Big debts? No problem.

What sounds like a dubious consumer credit pitch could describe the premise behind Fidelity Leveraged Company Stock fund, which buys shares of companies carrying substantial debt loads.

The fund was a clever bet on the stock market and interest rates when it was launched in December 2000. Shares of heavily indebted companies were getting clobbered, but plunging interest rates would permit them to refinance and save a bundle. Leveraged Company Stock started slowly, but the strategy paid off handsomely over four years.

Fast forward to 2005, when conditions are much different. Interest rates are climbing, people are talking about inflation, and stock prices are considerably higher. But the fund and its current manager, Thomas Soviero, are still running circles around the competition.

Leveraged Company Stock doesn't fit conveniently into any of the standard mutual-fund categories. But Lipper Inc. ranked it second among 313 core value funds for the first three months of this year, when the fund earned 5.4 percent and the Standard & Poor's 500 index lost 2.2 percent. Soviero's gain of 24 percent over the past 12 months is tops among 298 competitors, according to Lipper.

This is one of the most intriguing mutual fund questions of 2005: How can a strategy that worked so well in one situation continue to outshine the competition when market circumstances are beginning to turn upside down?

Soviero has a quick answer. ''You have to think about why rates are rising," he says.

But it helps to take a step backward first. Leveraged Company Stock invested heavily in consumer companies, telecommunications businesses, and financial firms right out of the gate early in 2001. The fund's original manager, David Glancy, picked the stocks he liked and bought them by the bushel.

A year after the fund was launched, Glancy owned lots of stocks but more than 57 percent of the money was invested in his top 10. About 20 cents of every fund dollar was held in shares of a single company, satellite broadcaster EchoStar Communications Corp.

The portfolio roughly broke even in its first two years, while the broader stock market took a beating, then produced a booming 96.3 percent return in 2003 that made the fund a standout and persuaded Glancy to leave Fidelity for the hedge-fund business. Enter, Soviero.

The new manager continued to hold many of the same stocks in the Leveraged Company Stock portfolio, but the investments he began to emphasize changed the focus of the fund. Consumer stocks and financials became much smaller slices of the pie. Energy and materials became favorite sectors and Soviero bet big, just like Glancy before him.

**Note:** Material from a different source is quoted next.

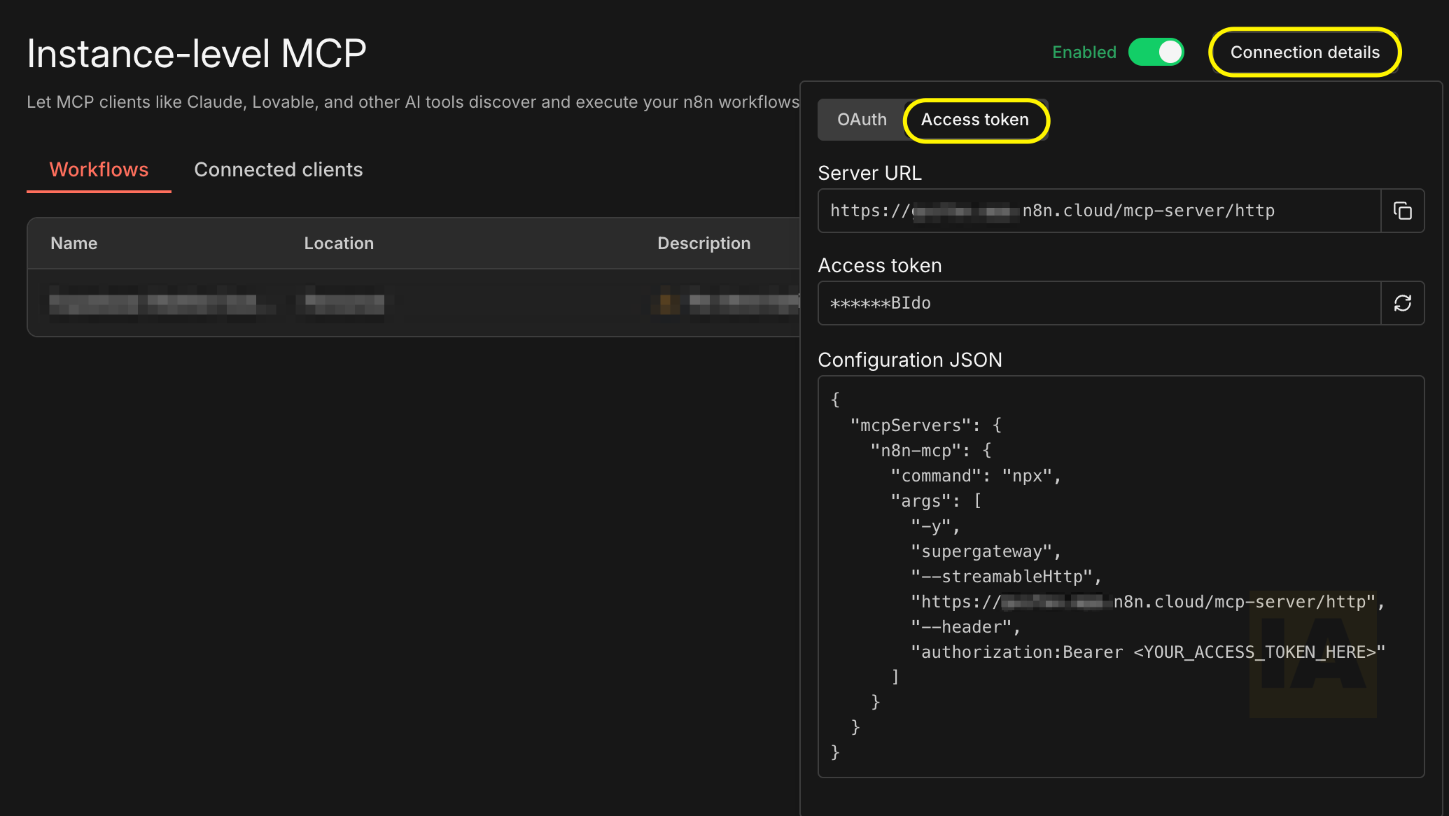 Essa opção permite habilitar o acesso MCP em nível de instância, ou seja, qualquer ferramenta configurada corretamente poderá interagir com seus workflows.

''I started with oil tankers, and that led me to other things," Soviero says. ''I believe in having the most money in your best ideas."

Now, about 55 percent of the fund's $2.8 billion is concentrated in 20 stocks. Energy investments alone account for 37 percent. The biggest positions: power company AES Corp., Teekay Shipping Corp., General Maritime Corp., and Forest Oil Corp., four stocks up an average of nearly 22 percent so far this year.

Most of those companies and the others in the portfolio carry substantial debt. Ask Soviero whether rising rates pose a problem for his stocks and you'll return to the question about why they are increasing.

Higher oil prices and demand for materials from parts of the world that are booming don't pose a problem for indebted companies if they can pass the higher cost on to customers. If the higher expenses are triggered by hot demand for services those companies provide, all the better. ''A little bit of inflation is not a bad thing for leveraged companies," Soviero says.

Of course, inflation can climb higher and cause real problems for everyone. Increasing oil prices will crimp economies at some level.

But not yet. Tom Soviero is deep into debt and still better off for it.